> _Task instructions_
Your answer must be only the lines below from the one containing "Abb. 9: Bahnhof Kirnach." through the one containing "La serie de", copied exactly, with the pictures left out.

- Opening Delimiter -

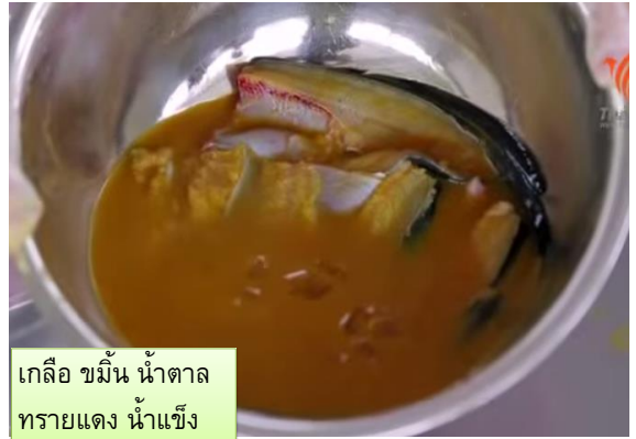
เกลือ ขมิ้น น้ำตาล ทรายแดง น้ำแข็ง
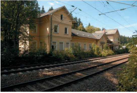
Abb. 9: Bahnhof Kirnach.

hinaus können auch historische Kultur-, Denkmal- und Kunstlandschaften Kulturdenkmale im Sinne von als Sachgesamtheiten darstellen. So ist Villingen etwa mit seinen Bauten und Gleisanlagen der Schwarzwaldbahn in eine von Offenburg bis Singen reichende Denkmallandschaft im Sinne einer Sachgesamtheit nach §2 DSchG, bestehend aus der linearen Bahnstrecke, den Ingenieurbauten (wie Unterbau, Stützbauten
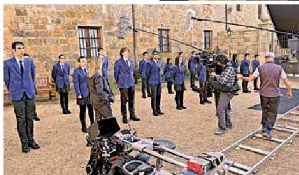
La serie de ficción pretende entretener en tiempos complicados como los que vive la humanidad actualmente.

El internado: Las Cumbres es un reboot de la serie El internado: Laguna negra (2007-2010) y se desarrolla en un edificio junto a un antiguo monasterio que está situado en un lugar inaccesible entre las montañas, completamente aislado.
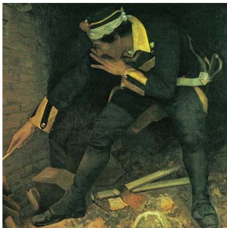
図版15 百武兼行《ピエトロ・ミッカ図》部分

- Closing Delimiter -

> _Your solution_
Abb. 9: Bahnhof Kirnach.

hinaus können auch historische Kultur-, Denkmal- und Kunstlandschaften Kulturdenkmale im Sinne von als Sachgesamtheiten darstellen. So ist Villingen etwa mit seinen Bauten und Gleisanlagen der Schwarzwaldbahn in eine von Offenburg bis Singen reichende Denkmallandschaft im Sinne einer Sachgesamtheit nach §2 DSchG, bestehend aus der linearen Bahnstrecke, den Ingenieurbauten (wie Unterbau, Stützbauten
La serie de ficción pretende entretener en tiempos complicados como los que vive la humanidad actualmente.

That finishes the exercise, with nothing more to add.